Dockworkers in Greece Block Military Shipments to Israel
On July 14th, dock workers organized through the Container Handling Workers Union (ENEDEP) and the Permanent and Probationary Port Workers’ Union (PLO) in Greece, led a joint action to halt a shipment of Indian produced enriched steel intended for military use by Israel in the ongoing war with Hamas in Gaza. The Port of Piraeus workers, joined by other anti-war protesters, blocked the unloading of the ship Ever Golden while denouncing the war and refusing to allow the dock to become a “hub for the transfer of war equipment.” The shipment, having been obstructed, was then sent off to be transhipped by the Chinese owned COSCO Shipping Pisces, in an attempt to smuggle the steel through under the noses of the workers and was set to arrive that following Wednesday, July 16th.

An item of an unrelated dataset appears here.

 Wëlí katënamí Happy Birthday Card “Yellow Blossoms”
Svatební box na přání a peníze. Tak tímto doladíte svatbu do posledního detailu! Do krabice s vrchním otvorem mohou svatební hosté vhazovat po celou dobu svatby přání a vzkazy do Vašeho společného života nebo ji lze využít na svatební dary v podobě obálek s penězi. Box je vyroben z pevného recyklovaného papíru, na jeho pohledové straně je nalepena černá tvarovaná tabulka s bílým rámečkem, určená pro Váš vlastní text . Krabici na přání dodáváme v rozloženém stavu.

The workers, again, organized and coordinated another blockage, with thousands of people rallying under the cry that their “hands will not be soaked in blood.” The unions clearly expressed that these actions are as much an act of self defense for the workers as they are an act of solidarity; they do not wish to come under the crosshairs of warring bourgeoisies, becoming victims of the war themselves.

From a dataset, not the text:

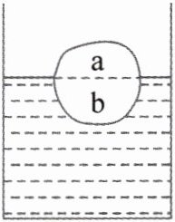 2. 小华想用天平和一杯浓盐水(已知浓盐水的密度为$ρ_{0}$)及其他辅助器材测量密度均匀的萝卜的密度:①用天平测出萝卜的质量为$m_{1}$。②把萝卜轻轻放入浓盐水中漂浮(如图),用记号笔记下液面在萝卜上的位置。③取出萝卜擦干,用刀沿记号将萝卜切成a、b两块,测出b块的质量为$m_{2}$。则萝卜密度的表达式为$ρ=$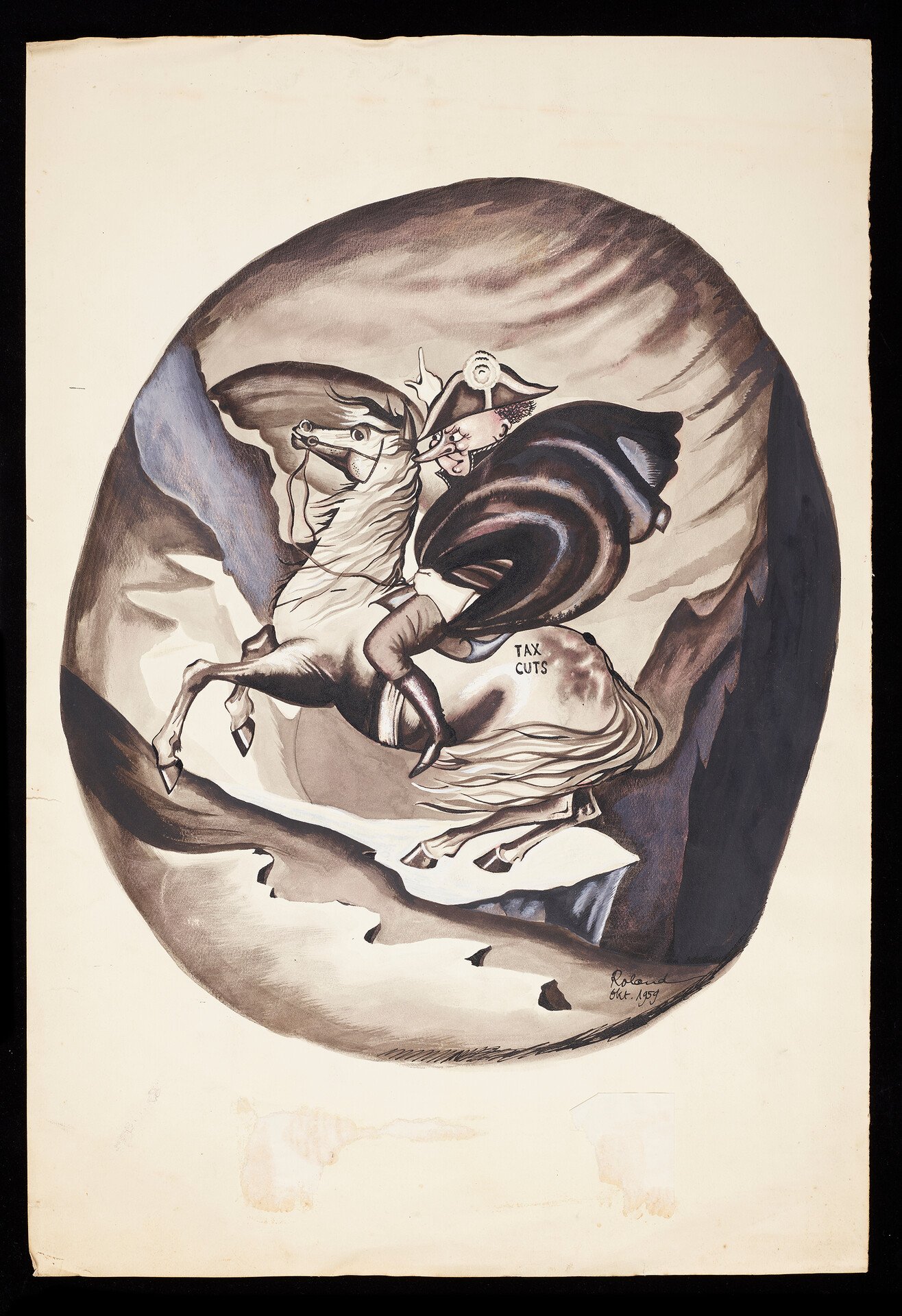 Σχέδιο του Λε Καρέ με τίτλο «Tax cuts» (Μειώσεις φόρων), υπογεγραμμένη από τον Ρόλαντ – ένα άλλο ψευδώνυμο που χρησιμοποιούσε στις εικονογραφήσεις του.

Similarly, in June, French dockworkers with the Confédération Générale du Travail (CGT) union of port workers at Fos-sur-Mer refused to load a shipment of 19 pallets of ammunition belt links used to manufacture machine guns that were set out to be delivered to Haifa, Israel. The strike successfully sent the Israeli ship back home empty handed. Afterward, Italian dockworkers in the Unione Sindicale di Base (USB) and Greek dockworkers in ENEDEP made public statements declaring they too would refuse loading and unloading any and all arms shipments to Israel. These actions are the result of a growing network of European dockworker unions in France, Italy, Malta, Slovenia, Spain, and others that have begun coordinating actions and sharing information about weapons shipments among themselves, to obstruct when possible.
This revolt of the proletariat against their national bourgeoisies and their imperialist wars confirms the need for continuous consolidation of the working class into class unions and how even just a few unions in coordination can disrupt the carefully orchestrated flow of war materials between the capitalist States to be used to kill proletarians abroad. It is on the basis of the economic struggle and self-defense that these worker defense organizations should continue to strengthen their coordination along international lines and further distinguish their class’s interests apart from those of the capitalists, but only with the class party and global revolution will we see the end of capitalism and its wars.